Sabotage, literally throwing a wooden Sabot, shoe , into the works , is an old “tradition”. Luddite alleged “death to machines” the same.
I will visit this weekend the cemetery where much of my father’s family is buried. My great-grandfather died at the age of 92 in 1959. I never knew him. I was born three years after he died.
But I have a photos of him. In one, he is in an open field wearing a straw hat. He is waving at the camera while walking behind a team of mules plowing the ground. He is filthy. Covered in dirt – a consequence of walking behind mules who kick dirt up in your face from sun up to sun down.
The photo is not dated. But he looked like he was maybe 40 years old or so. So around 1907. It’s amazing to me he lived to be 92 given his hard life.
Prior to industrialization, around half the population lived like that. Today, maybe 1-2% of the population are engaged in agriculture. The man who farms the exact same land where the photo of my great grandfather was taken rides in air conditioned cab tractor all day rather than walking behind mules kicking dirt up in his face. He can listen to Mozart, rather than day dream about whatever my geat-grandfather daydreamed about to ease his monotony. The farmer today goes home at night just as clean as when they started “work” in the morning.
Romanticizing pre-industrial times is lunacy. Nobody wants to set the clock back 100 years and live that kind of lifestyle. People who do don’t understand how hard that kind of life is.
Prince Charles does, for the masses of course. The lunacy comes from the very few.
bonbon
Of course big ears, bu**er lugs Charlie couldn’t conceive of a time he would actually be forced to grub for food like the commoners.

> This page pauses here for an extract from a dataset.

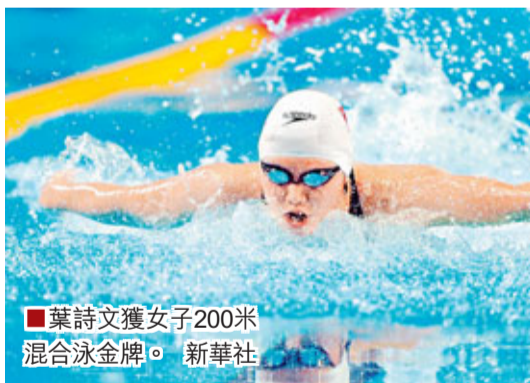
葉詩文獲女子200米混合泳金牌。新華社

當天進行的另外四項決賽中,陶宛選手梅魯提特和巴西選手桑托斯分別以1分03秒52和22秒22的成績打破女子100米蛙泳和男子50米蝶泳的賽會紀錄,並摘金。其他兩枚金牌分別被澳大利亞和美國選手獲得。 ■新華社

I respect our Queen for her dignity through a difficult social and technological transition over her lifetime.
The rest are just hangers on and need to go.
Once Elizabeth has gone, the entire concept of British Royalty should be dissolved and their wealth and property handed back to society.
Hotscot,
Have to agree. That jug-eared twit should never be let anywhere near the red dispatch box. Nor his idiot, N@zi spawn, either. Although at least Harry served in the ‘Stan.

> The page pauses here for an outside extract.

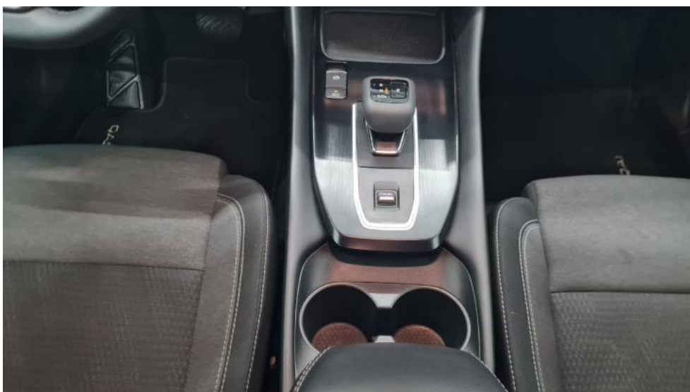
Photo 30. Tunel środkowy

Britain should return to its Anglo-Saxon tradition and elect its monarch. That would give the House of Lords something to do, while preserving ceremony to attract the tourists.

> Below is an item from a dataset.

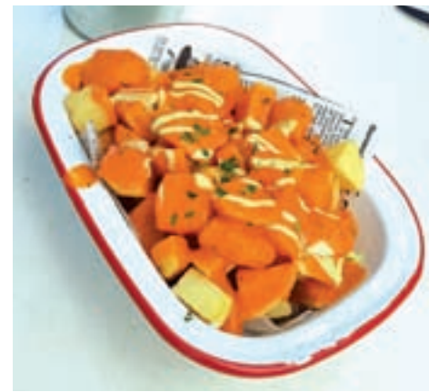
Las patatas bravas de Patio de Leones GENTE

Instead of the witangemoot choosing the most qualified aetheling or ealderman, let the Lords pick the next monarch from among the most distinguished Britons willing to serve as monarch in their retirement years. That should keep bribery and politicking for the position to a minimum.
Keep the present constitution, but toss the dysfunctional, looming Schleswig-Holstein-Sonderburg-Glücksburg dynasty.
HotScot, without the royalty, Britain would have no tourism industry.
When I was a child we were all taught how not to fall into the sh#t pot, in the ‘thunderbox’ (backyard outhouse toilet), because young kids did fall in to them and then tragically drown in a metal bin full of urine, fecies and writhing with maggots. It was taken away on Tuesdays and an empty pot put in its place. Which was always welcome.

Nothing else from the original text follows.